### [Your objective]
In the records below, find the line containing "1、進入佳作主界面,溫馨房間" and the line containing "Traditional fisherman house". Give again exactly those lines and every line between them, omitting the pictures.

*** Information Section Begins ***

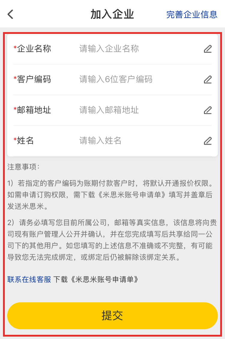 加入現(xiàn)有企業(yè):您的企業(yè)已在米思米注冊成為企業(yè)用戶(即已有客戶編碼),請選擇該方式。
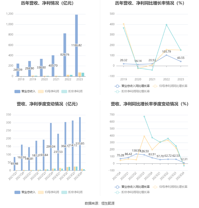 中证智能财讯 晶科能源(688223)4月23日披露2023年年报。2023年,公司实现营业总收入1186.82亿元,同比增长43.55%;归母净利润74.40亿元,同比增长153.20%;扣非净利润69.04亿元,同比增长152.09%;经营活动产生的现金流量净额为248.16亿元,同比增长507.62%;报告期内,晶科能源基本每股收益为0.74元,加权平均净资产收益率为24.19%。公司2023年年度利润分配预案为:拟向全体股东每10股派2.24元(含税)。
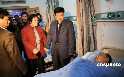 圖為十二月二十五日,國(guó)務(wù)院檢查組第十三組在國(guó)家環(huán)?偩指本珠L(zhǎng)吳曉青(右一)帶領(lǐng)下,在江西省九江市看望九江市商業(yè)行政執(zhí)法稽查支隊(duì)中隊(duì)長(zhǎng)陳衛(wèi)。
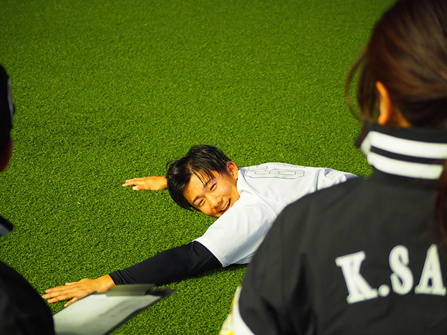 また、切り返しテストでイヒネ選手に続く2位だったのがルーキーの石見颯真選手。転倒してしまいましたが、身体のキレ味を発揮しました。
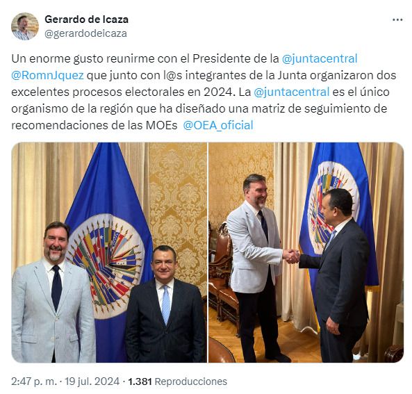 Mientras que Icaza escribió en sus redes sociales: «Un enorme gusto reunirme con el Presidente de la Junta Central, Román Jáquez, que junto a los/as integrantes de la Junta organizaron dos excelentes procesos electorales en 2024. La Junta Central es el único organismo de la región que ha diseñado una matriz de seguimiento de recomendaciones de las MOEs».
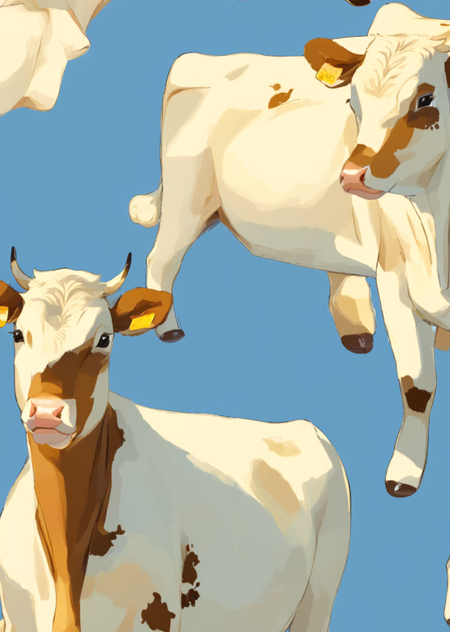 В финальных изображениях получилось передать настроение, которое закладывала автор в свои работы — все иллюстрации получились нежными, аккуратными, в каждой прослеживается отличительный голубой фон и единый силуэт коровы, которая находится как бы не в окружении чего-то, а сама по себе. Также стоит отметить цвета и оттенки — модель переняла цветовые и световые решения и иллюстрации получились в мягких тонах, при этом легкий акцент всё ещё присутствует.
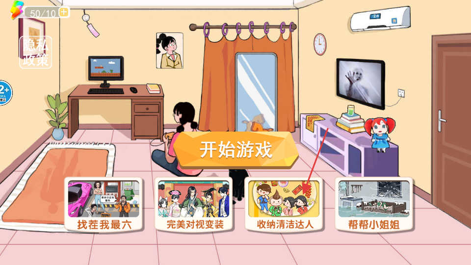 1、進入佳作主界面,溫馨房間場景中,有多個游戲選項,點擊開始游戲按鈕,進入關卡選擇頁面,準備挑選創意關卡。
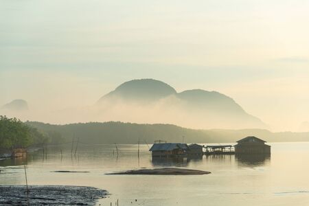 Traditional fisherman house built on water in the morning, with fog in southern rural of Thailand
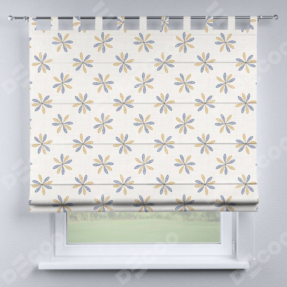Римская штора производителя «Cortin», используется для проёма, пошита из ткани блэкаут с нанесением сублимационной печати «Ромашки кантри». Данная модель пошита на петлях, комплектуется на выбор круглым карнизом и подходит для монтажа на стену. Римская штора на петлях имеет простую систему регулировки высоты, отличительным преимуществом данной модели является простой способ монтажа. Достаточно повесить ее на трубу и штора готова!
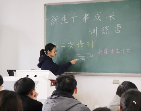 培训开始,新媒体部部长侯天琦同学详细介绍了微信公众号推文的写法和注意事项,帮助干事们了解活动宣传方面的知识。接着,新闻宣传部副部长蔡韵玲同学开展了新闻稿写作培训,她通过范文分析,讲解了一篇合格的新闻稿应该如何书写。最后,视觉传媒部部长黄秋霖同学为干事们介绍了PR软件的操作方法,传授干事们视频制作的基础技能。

*** Information Section Ends ***

### [Written answer]
 1、進入佳作主界面,溫馨房間場景中,有多個游戲選項,點擊開始游戲按鈕,進入關卡選擇頁面,準備挑選創意關卡。
 Traditional fisherman house built on water in the morning, with fog in southern rural of Thailand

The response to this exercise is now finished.